The differences between the two modes mean that development is geared towards developing and debugging Ghost, whereas production is intended to be used when you’re running Ghost as a real live blog. You’ll find the log output is different in the two modes, the level of concatenation and minification of assets like js and css is higher in production mode, development mode provides more warnings about potential problems with themes and possibly the most noticable difference is that theme template files are cached in production mode so you’ll want to use development mode when creating themes. Essentially, production mode gives priority to performance, whereas development mode gives priority to information.

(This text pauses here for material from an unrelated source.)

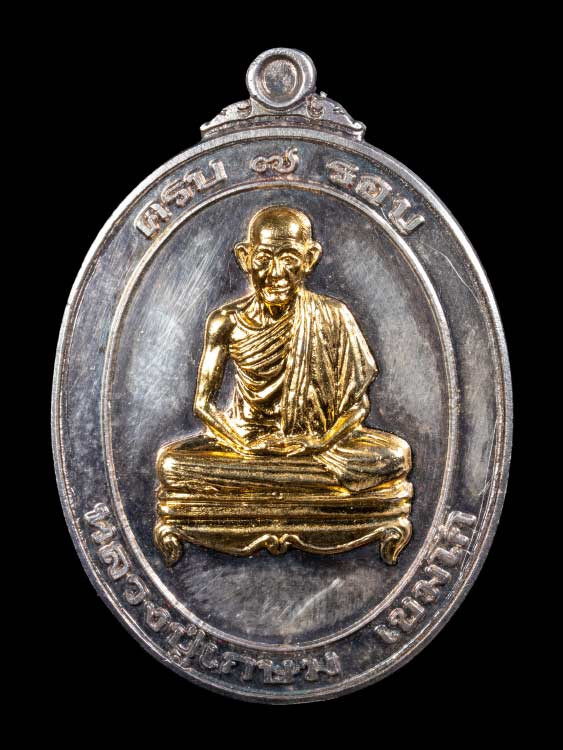 หลวงพ่อเกษม เขมโก พ.ศ.2532 เนื้อเงิน สภาพตามรูป |
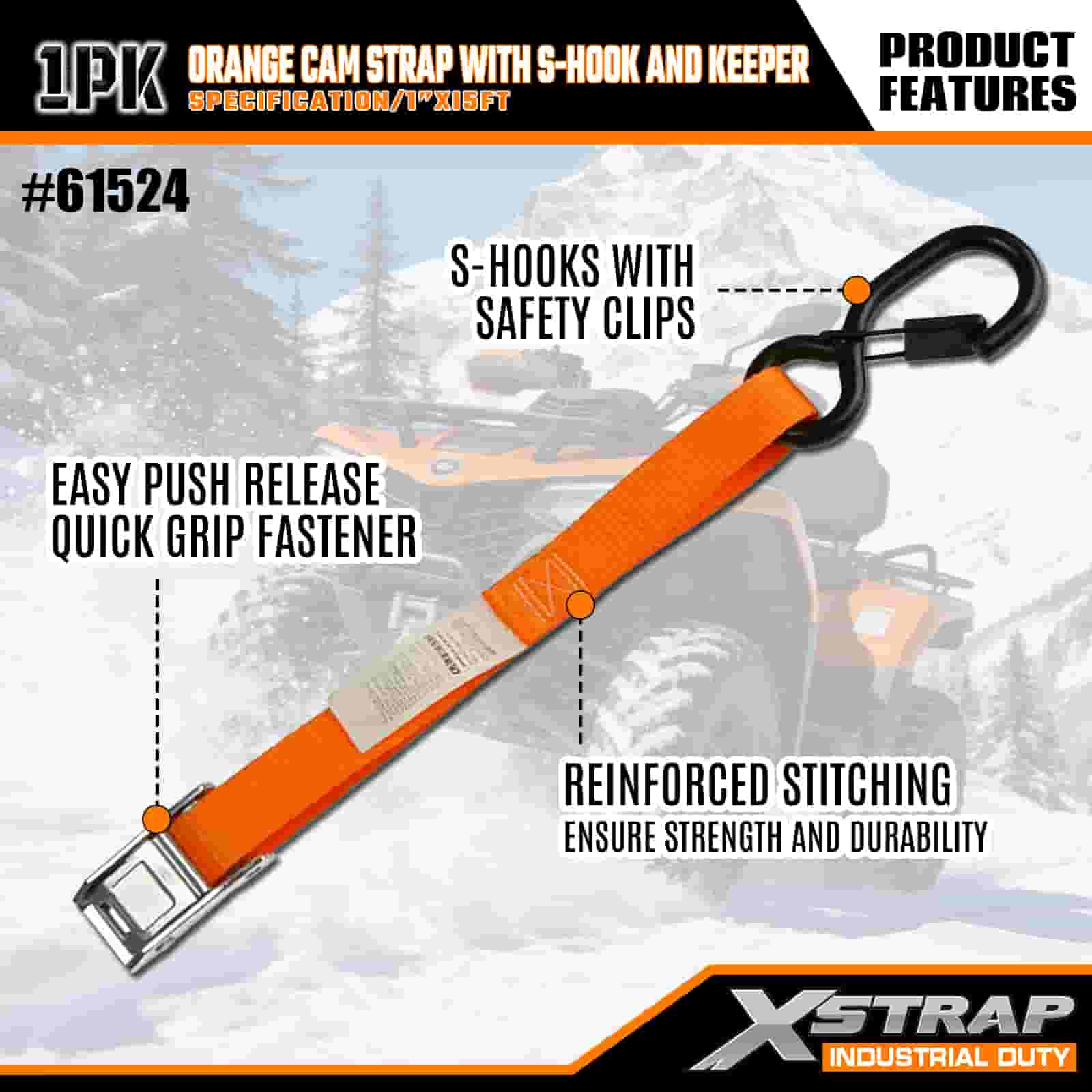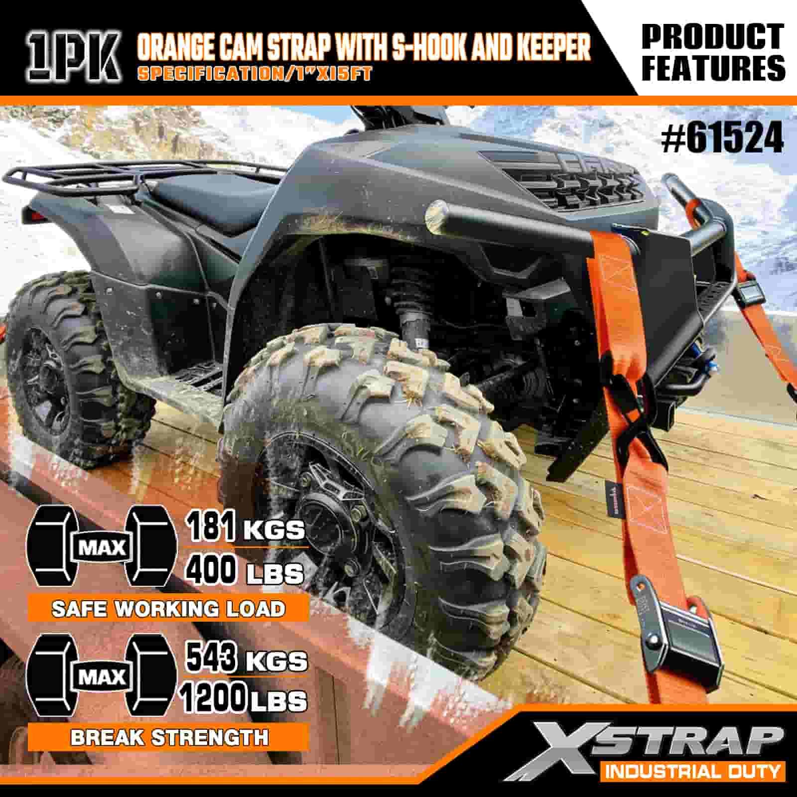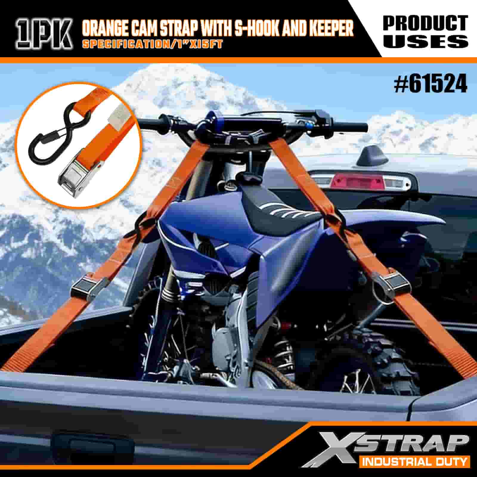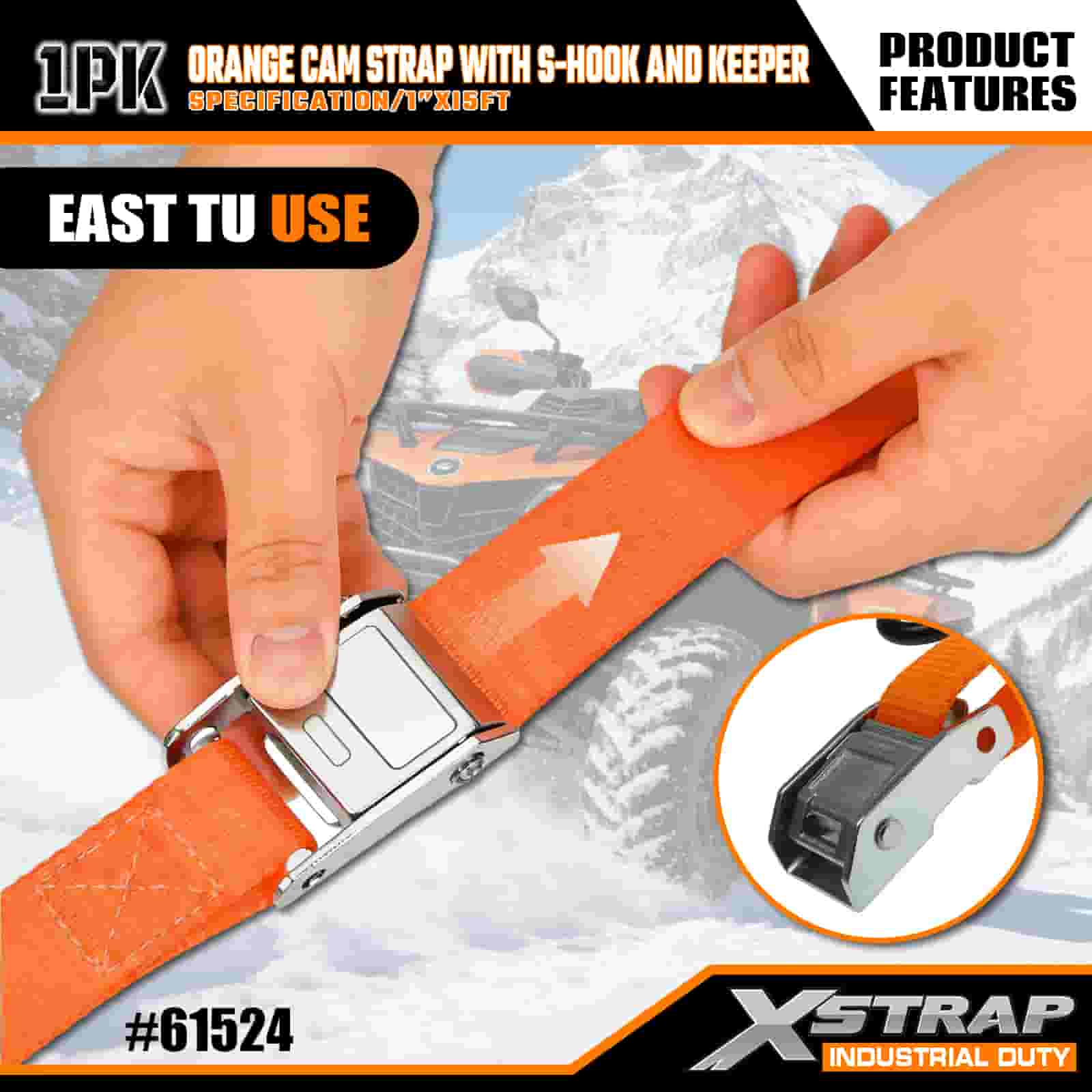 - 15 láb hosszúság a sokoldalú használathoz: egyetlen hevederként (1 hüvelyk széles × 15 láb hosszú) eladó tekercstárolóval, ideális ATV-k, motorkerékpárok és kültéri felszerelések teherautó-ágyakban vagy tetőcsomagtartókon történő rögzítéséhez.

As Ghost progresses, these differences will grow and become more apparent, and therefore it will become more and more important that any public blog runs in the production environment. This perhaps begs the question, why development mode by default, if most people are going to want to run it in production mode? Ghost has development as the default because this is the environment that is best for debugging problems, which you’re most likely to need when getting set up for the first time.

Using Environments

In order to set Ghost to run under a different environment, you need to use an environment variable. For example if you normally start Ghost with node index.js you would use:

NODE_ENV=production node index.js

Or if you normally use forever:

NODE_ENV=production forever start index.js

Or if you’re used to using npm start you could use the slightly easier to remember:

npm start --production

Why use npm install –production?

We have been asked a few times why, if Ghost starts in development mode by default, does the installation documentation say to run npm install --production? This is a good question! If you don’t include --production when installing Ghost, nothing bad will happen, but it will install a tonne of extra packages which are only useful for people who want to develop Ghost core itself. This also requires that you have one particular package, grunt-cli installed globally, which has to be done with npm install -g grunt-cli, it’s an extra step and it’s not needed if you just want to run Ghost as a blog.